Krista: I am tired of coming across things I like and forced to feel excluded. This film is so obviously ‘for the boys’. All-male group and female victim waiting to be rescued. All ‘pop culture’ symptoms are there—the ‘woman in refrigerator’, the ‘smurfette’, the ‘damsel in distress’. She does rescue herself in the end, but that’s two-thirds into the film and too late to participate in the ‘fun bits’. I’d have preferred to feel included in the intended audience for armoured vehicles and zombie petrol!

Noel: At first I thought that Brooke (Bianca Bradley) would have a more prominent role. The photoshoot scene was promising, she sported the resourcefulness of Alice from the Resident Evil film franchise. But then it all went downhill. During the lab scenes she was totally upstaged by The Doctor (Berryn Schwerdt). She had a comeback of sorts towards the end but it was simply too little too late.

K: ‘Purer’ torture porn that has women as vulnerable victims, but focuses throughout on their struggle for survival, is perhaps less sexist than something that relegates women to the periphery.
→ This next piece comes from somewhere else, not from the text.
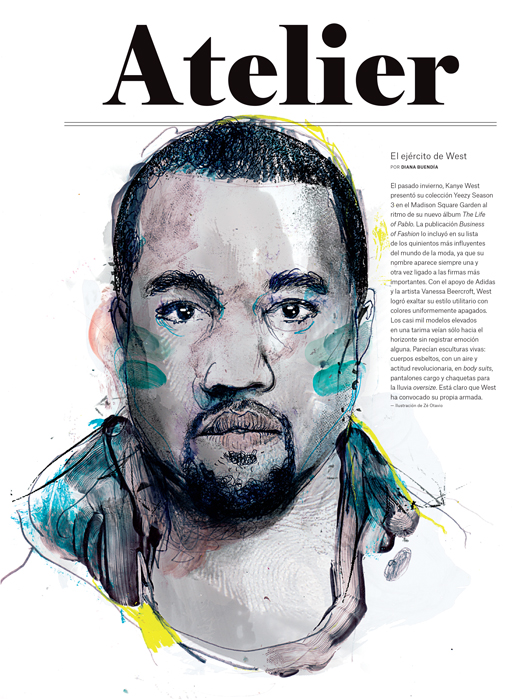 Here's a wonderful new portrait by ZE OTAVIO of Kanye West for Zé's new monthly column Atelier/El Protagonista del mes…

N: The parodic nod towards torture porn is one of the things I liked most about Wyrmwood. The Doctor is a great character, a cross between Mr Blonde, Walter White and Dr Heiter. It also exposes what’s wrong with bad torture porn. The lab scenes are rather disturbing without being too graphic whereas usually it works the other way round.
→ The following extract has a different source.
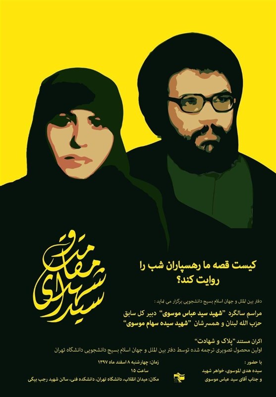 مسئول دفتر بین الملل و جهان اسلام بسیج دانشجویی دانشگاه تهران ادامه داد: در این زمینه مستندی که توسط شبکه الصراط لبنان تهیه و منتشر شده بود توسط دفتر جهان اسلام ترجمه و تدوین شده و طی مراسمی در روز چهارشنبه 97/12/8 ساعت 15 که با حضور خانواده شهید سید عباس موسوی در سالن شهید رجب بیگی دانشکده فنی دانشگاه تهران اکران خواهد شد. پساز اکران نیز ضمن سخنرانی و بیان خاطرات از خانواده ایشانتقدیر و تشکر به عمل خواهد آمد.

K: Agreed. I also liked the ‘magic zombie’ touch. Brooke’s unexplained powers nod towards magic ‘necromantic control over the undead’, something we don’t often see in zombie films. I also liked the little visual nods to Romero, the unflagging pace (which it sustains throughout), the humour, the violence, and the action. What distinguished it was the pace. We were thrown into the thick of it, so to speak, and it didn’t let up. No pause in the relentless action.

N: Is there a zombie film that doesn’t reference Romero? I liked Wyrmwood for the same reasons as you however I found it too earnest in trying to be a cult movie. The handheld camera, the fast zooming in on close-ups, the breakneck editing, the ‘iconic’ shots. It’s obviously trying to ride on the crest of Mad Max by setting the story in a post-apocalyptic landscape with lots of vehicles and scarce fuel. It bothered me.

K: I liked the heightened artificiality of the blue-red colour (well, blue and blood) scheme inside the ‘mad scientist’ truck. That too was a case of style within a low-budget framework. It contrasted with the grit-and-grime greyness of the outdoor sequences.

N: Nobody takes zombies seriously anymore so trying to build a sense of dread is too trite. Even metaphorically, zombie films are at a dead end at the moment. So Wyrmwood is the antithesis of a film that has something to say. It just plays it for laughs. However this doesn’t mean that the film is ‘silent’. For instance, I found its politics a bit dubious. We already mentioned the ‘boys only’ stance. What about the only indigenous person being the foolish sidekick who sacrifices himself for the greater good of the ‘white man’? I didn’t like that.